I just made my first batch of inline spinners. Problem is the ones that are #2 Colorado blades only spin about 10% of the time. No trouble with the #3's. Should I change clevice, add/remove weight? Perhaps I should be using French or Indiana blades instead too? Any help is appreciated. 
(On the plus side I had a hit on a wobbling, non-spinning spinner while testing them. Didn't land it though.)


----------



## Fish Scalper (Oct 31, 2009)

You either have to pull it much faster or use much smaller components around it to allow the water to move over the blade to start and spin it. If you have something fairly large or oddly shaped in front of the blade, it will throw the water past the blade and the blade will sit in a dead spot basically.


----------



## Treehog (Aug 18, 2010)

Fish Scalper said:


> You either have to pull it much faster or use much smaller components around it to allow the water to move over the blade to start and spin it. If you have something fairly large or oddly shaped in front of the blade, it will throw the water past the blade and the blade will sit in a dead spot basically.
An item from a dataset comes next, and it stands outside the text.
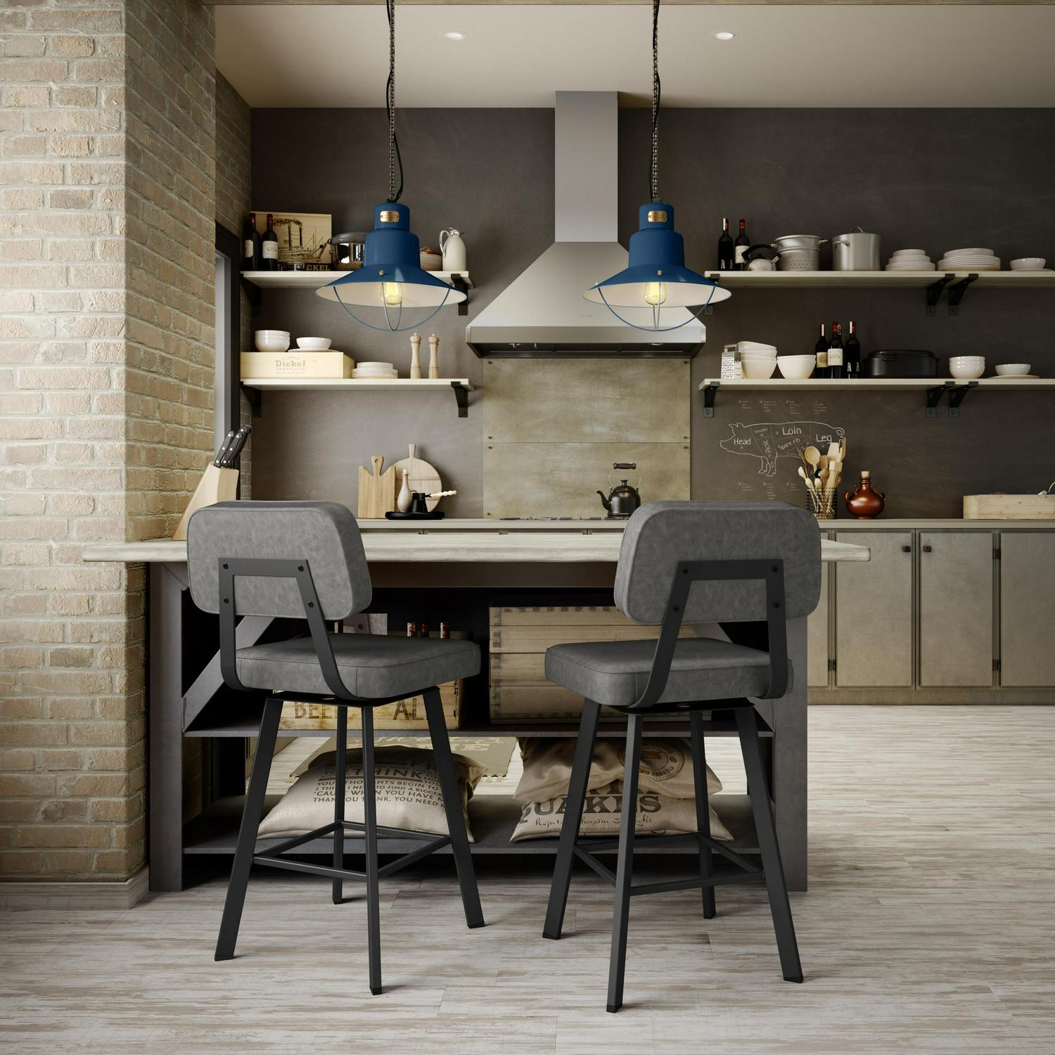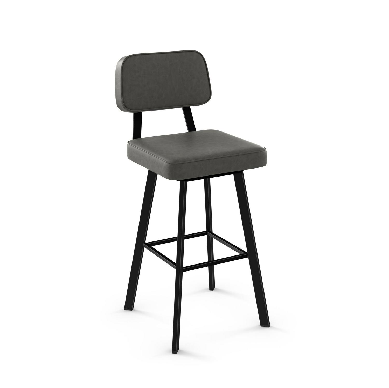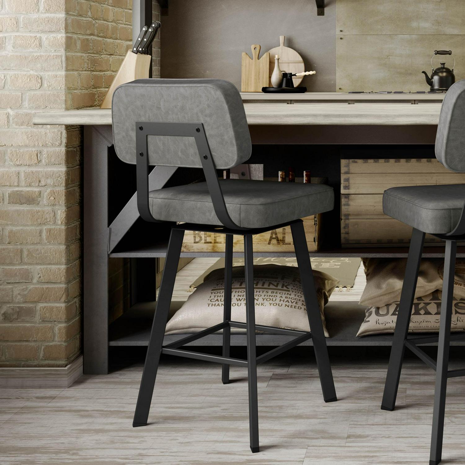 Amisco Clarkson 26 In. Swivel Counter Stool – Grey Faux Leather / Black Metal

Thanks for the fast reply. I'm going to start by taking components off. I currently have a small body and a couple of beads on, but can certainly get them smaller like the Mepps Agila. 
I tried various speeds and had the same trouble all the way around. The blade is also the first component on the wire.


----------



## mike003 (Sep 8, 2007)

I build mine with components from www.pen-tac.com, and www.rvrfshr.com. They are French blade, stirrup clevis, and a tiny bearing. The blades start to spin as soon as they hit the water, and will spin no matter how slow the retrieve. I believe it is the bearing that makes the difference. The bearings are MUCH smaller than they appear in this pic.


----------



## Treehog (Aug 18, 2010)

I've got a bearing behind the clevis, between it and the body. Do you also put one between the clevis and the wire loop?


----------



## mike003 (Sep 8, 2007)

Only between the body and clevis.


----------



## Treehog (Aug 18, 2010)

That's what I thought. 
I made a couple more with the smaller blade that are much smaller than the last bunch and still no change. Perhaps I bought come cheap blades. They may do better on a swivel on a spinnerbait, as opposed to the inline I have them on now. The #3's are still spinning perfectly. I'll probably just stick with them going forward. 
I also took one of the #2's and bent the scoop a little deeper. Haven't tried it out yet, but it's my next test. 
Thanks for the help.


----------



## mike003 (Sep 8, 2007)

Mepps, Vibrax, and Pen-Tac blades, especially size 3 and up, are thicker than blades you can buy from Cabela's, etc. Probably helps them spin better.


----------



## [email protected]#$carp (Aug 29, 2010)

Is the blade the same length as body? I did that once the blade wasnt and it didnt spin.


----------



## Treehog (Aug 18, 2010)

[email protected]#$carp said:


> Is the blade the same length as body? I did that once the blade wasnt and it didnt spin.


The first batch of #2's were about 1/2 the size of the lure. Made a couple more that were smaller bodied but ni change. I just couldn't get them started. 

I started dressing my own trebles with some stuff I got from Old Dutchman and have been really happy so far with the results. 

I put the dressed hooks (some black/red squirrel tail, some white bucktail, some a mix of the bucktail and black lambs wool) on some new spinners (a mixed batch of #3 french, #3 & #3.5 Colorado blades). Took them out to Alum this morning. Everything is spinning perfectly. I spent most of my time near the dock at Cheshire, and wasn't too concerned about catching much. I had a decent sized crappie hit, but lost it. Moved to another spot and had a couple of really good hits from eating-sized bass. I had one 10 ft from shore, but it came off. Wish I had more time today. As soon as the clouds came in they started getting active. Can't wait to get more made and in the water. 

I'll put some pics up when I can of the new toys.


----------



## Treehog (Aug 18, 2010)

Well, the spinners are proven fish catchers. I was showing them off to a friend of mine, who said he'd love to see how they are made. I said "No problem, they take all of 40 seconds to make". Made one with a #3 hammered Colorado blade, snowman body, and a red bead behind it with red tubing over the treble hook and gave it to him. We went out to the Olentangy later in the day, where we had a couple of small LM, a couple of small crappie, and right when it was about to get too dark to see my buddy thought he had a carp on his line... no carp, it was a 19.25 inch smallie. Biggest smallie I've ever seen. I was pretty proud to have it caught on one of my lures too


----------



## [email protected]#$carp (Aug 29, 2010)

Great its fun to catch fish better when you make the lure yourself.


----------